А Щука, как ни в чем ни бывало, да ещё и по-человечески:
– А ты что делаешь?! Ты какого, спрашивается, без порток в воду полез?! Ты что же думаешь, если рыбы, если в воде живём, то нам срам свой показывать можно? Ни стыда, ни совести!
– Ну, ты это, особо-то не ругайся.
– Емеля только сейчас вспомнил, что он, как говорится, в чем мать родила.
– Я это, штаны сейчас одену.
– Во, совсем другое дело.
– одобрительно сказала Щука, увидев Емелю в штаны
– А то и стыд и срам.
– Да ладно тебе, не сердись.
– теперь Емеля соображал, что ему с этой Щукой делать?
– Ты мне лучше вот что скажи. Тебя как лучше: пожарить или засолить, а потом завялить, а?
– Ни то, ни другое.
– лязгнула зубами щука.
– Меня лучше всего назад в речку отпустить, лучше не придумаешь.
– Здрасьте! Она меня кусать будет, а я её в речку отпускать. Щука, у тебя все дома?!
– Все, меня только не хватает. Отпускай давай, чего тянешь?! А то дышать тут у вас тяжело, в сон клонит.
– Ага, я тебя значит отпущу и что? Тебе-то хорошо, а я мало того, что укушенный весь, так вообще, ни с чем останусь, несправедливо.

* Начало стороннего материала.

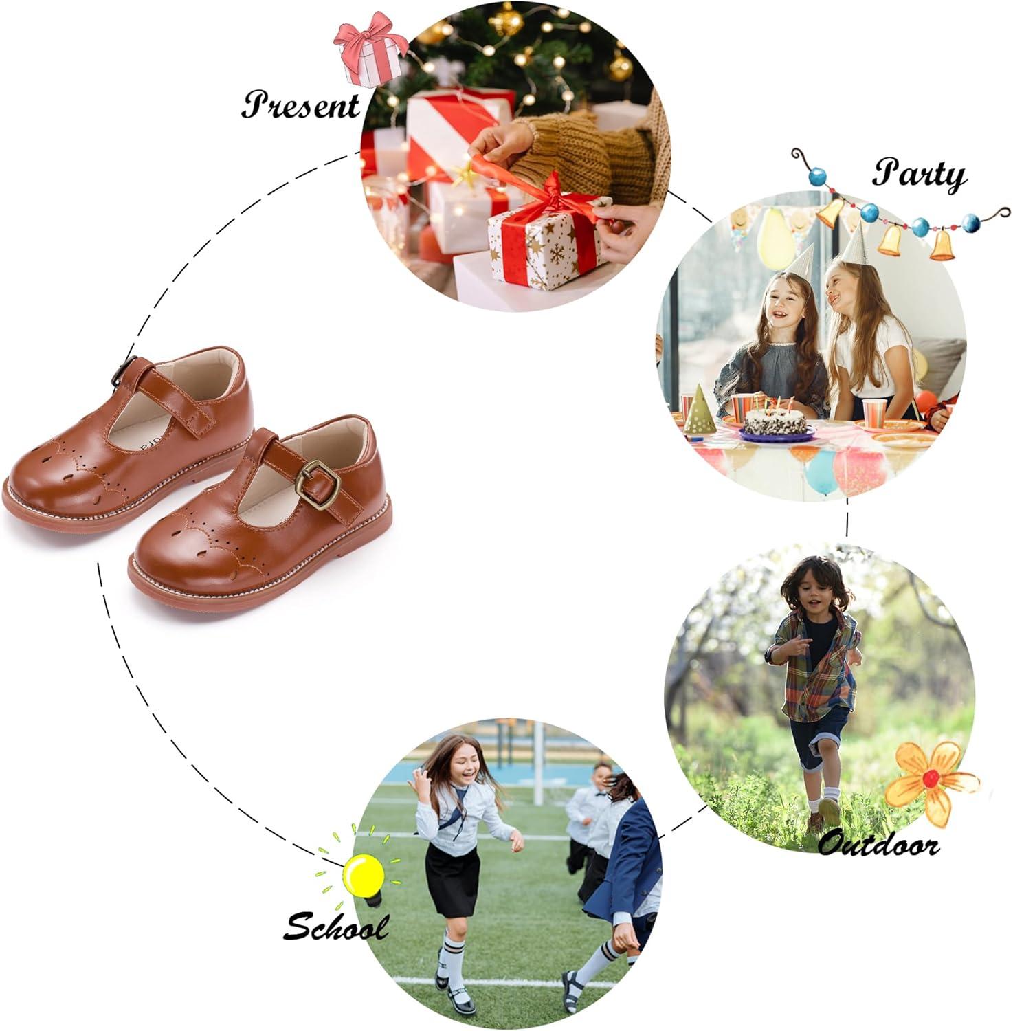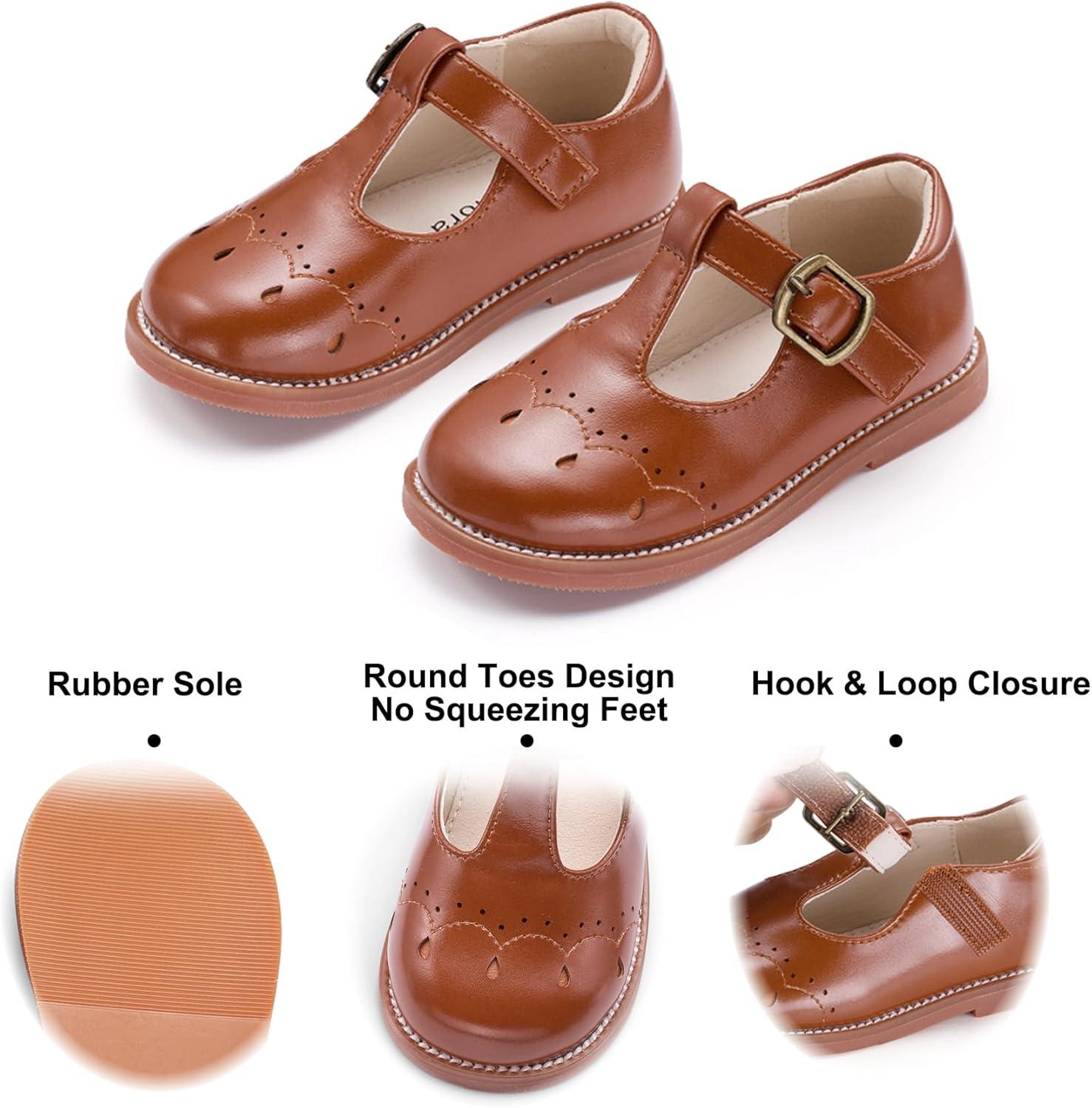 Felix & Flora Toddler Girl Mary Jane Dress Shoes – School Oxford Flats for Girl Party Shoes.(B423-brown)

– Ладно, уговорил. За то, что ты меня отпустишь, я тебе службу верную служить буду.
– Какую службу?
– Такую службу. Чего пожелаешь, скажи: "по щучьему велению, по моему хотению", ну и то, что желаешь, а я исполню.
– А не врёшь?
– Вот ещё! Я никогда не вру. Отпускай, давай!
– Ладно, плыви. Но смотри, если обманешь, я неделю, нет, месяц без штанов в реке сидеть буду, назло...
Вот такие вот две версии у начала благополучия Емелиного, и какая из них правда, а какая враньё - поди, разберись.
Теперь надеюсь понятно, с чьей помощью Емеля чинил народу механизмы и не механизмы всякие? Правда, да что там, даже сама Матрёниха не могла до правды докопаться, поэтому страдала и мучилась. Придумывала конечно ерунду всякую, но даже она, с её талантом, не смогла додуматься до того, что было на самом деле и что являлось истинной правдой. Вот они, где чудеса-то, а вы говорите...
Глава седьмая
– Фролка! Фролка, бес окаянный!
– Здесь я, князь-батюшка. Чё кричать-то?
– Вижу, что здесь. А кричать на вас надо, потому что если без этого, то вообще...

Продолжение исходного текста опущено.